PROBLEM DESCRIPTION: Starting at the first line of the material below, retype each line exactly until you reach the line with "Ratsmitglied Schweizer (FWG)teilt", which is also included; pictures stay out.

RAW DATA:

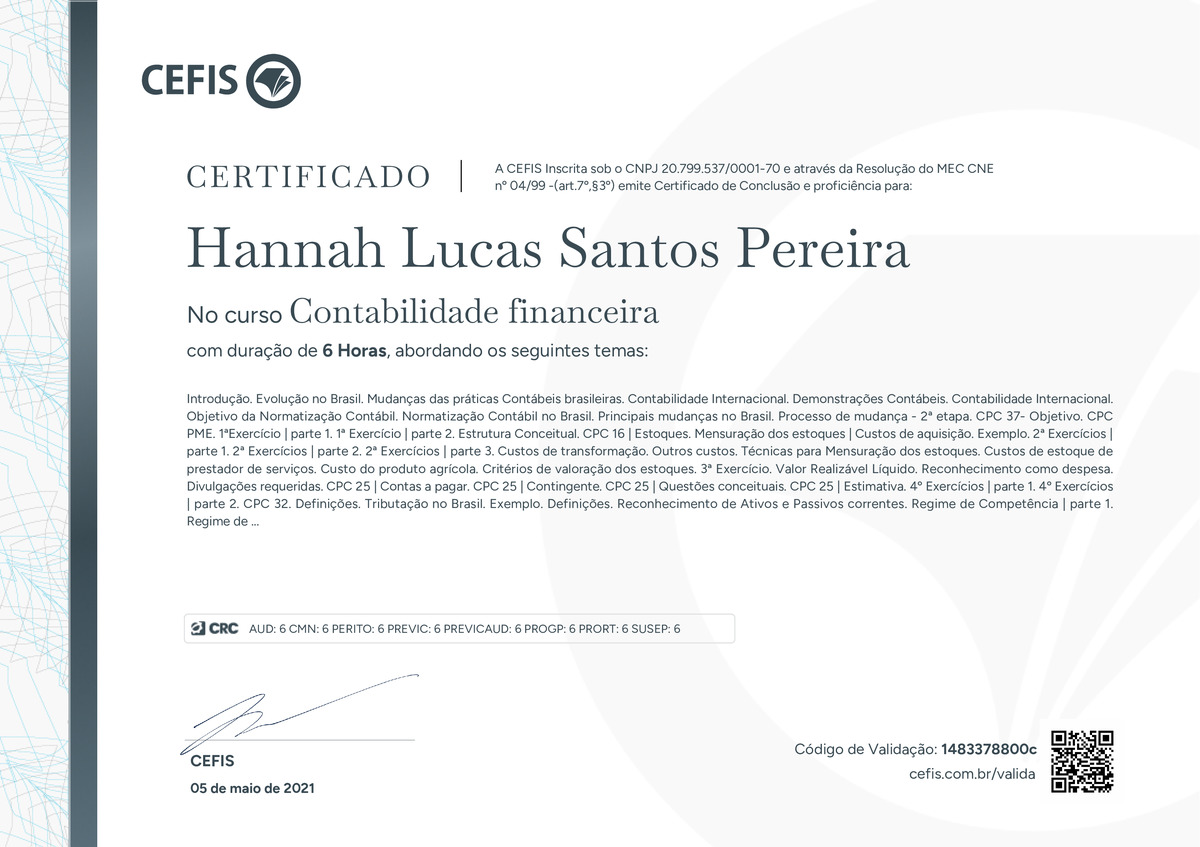 O certificado acima atesta que HANNAH LUCAS SANTOS PEREIRA concluiu com êxito o curso Contabilidade financeira em 05/05/2021 às 15:05:53,
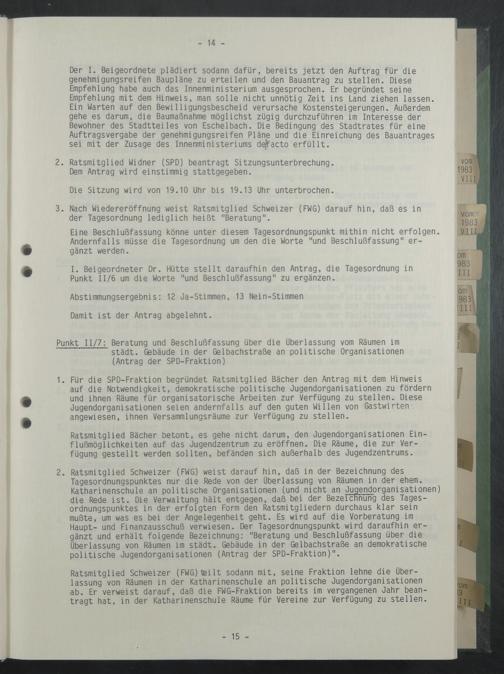 Ratsmitglied Schweizer (FWG)teilt sodann mit, seine Fraktion lehne die Überlassung von Räumen in der Katharinenschule an politische Jugendorganisationen ab. Er verweist darauf, daß die FWG-Fraktion bereits im vergangenen Jahr beantragt hat, in der Katharinenschule Räume für Vereine zur Verfügung zu stellen.
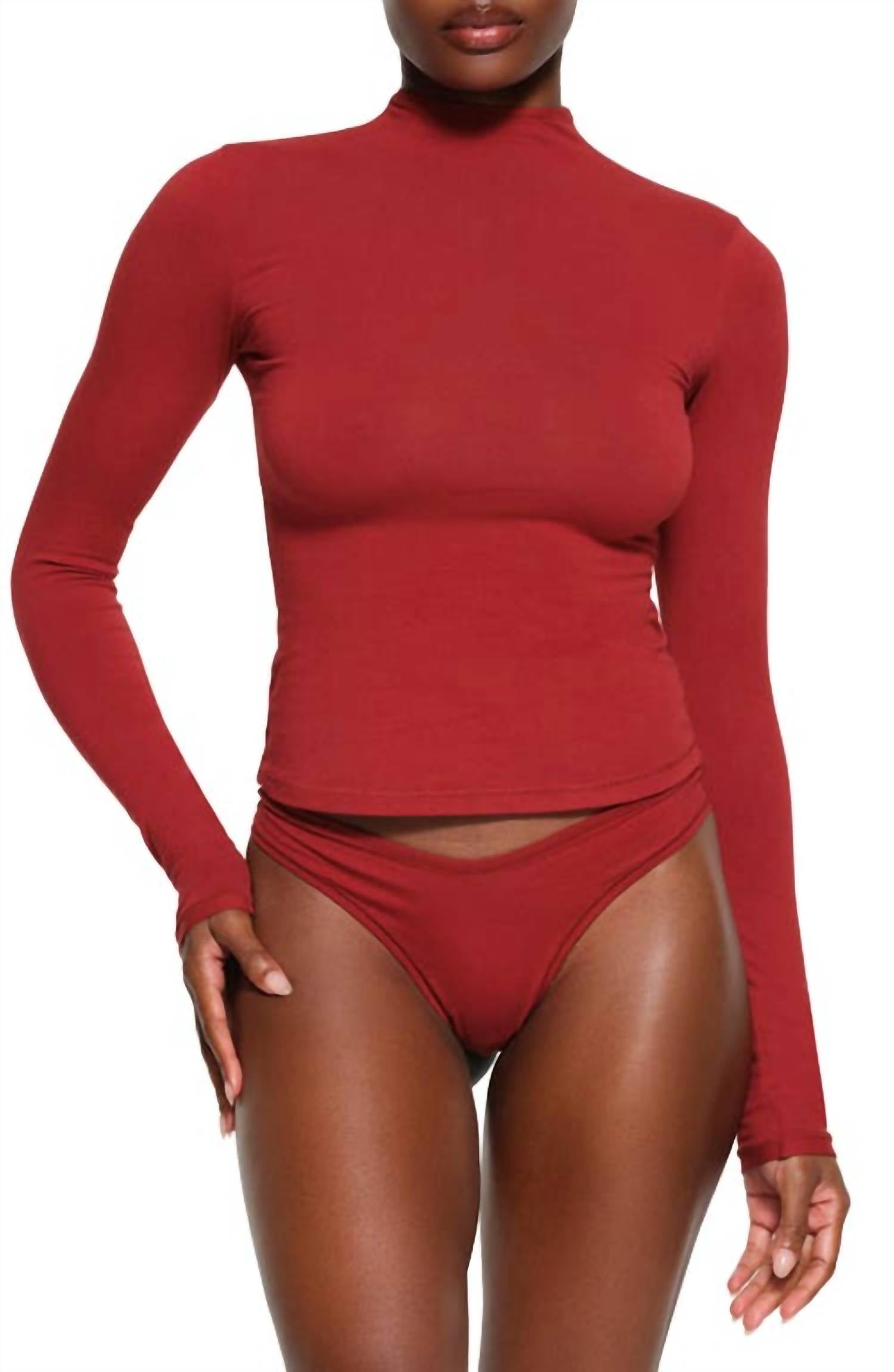 Caimento perfeito, design charmoso, tecido macio. Você vai adorar tudo nesta camiseta de manga comprida. Apresentamos a Blusa de Gola Alta de Manga Longa em Jersey Elástico de Algodão da SKIMS, uma peça essencial e elegante em um tom tijolo quente. Confeccionada com maestria em mistura de algodão, esta blusa oferece elasticidade confortável, perfeita para usar em camadas ao longo das estações. Ideal para ser usada sozinha ou em camadas, seu design sem costuras não possui bolsos ou fechos, enfatizando a simplicidade e a praticidade. Eleve seus básicos com esta peça versátil de manga comprida, feita sob medida para mulheres que valorizam a elegância discreta.

RESPONSE FOR THIS EXERCISE:
 O certificado acima atesta que HANNAH LUCAS SANTOS PEREIRA concluiu com êxito o curso Contabilidade financeira em 05/05/2021 às 15:05:53,
 Ratsmitglied Schweizer (FWG)teilt sodann mit, seine Fraktion lehne die Überlassung von Räumen in der Katharinenschule an politische Jugendorganisationen ab. Er verweist darauf, daß die FWG-Fraktion bereits im vergangenen Jahr beantragt hat, in der Katharinenschule Räume für Vereine zur Verfügung zu stellen.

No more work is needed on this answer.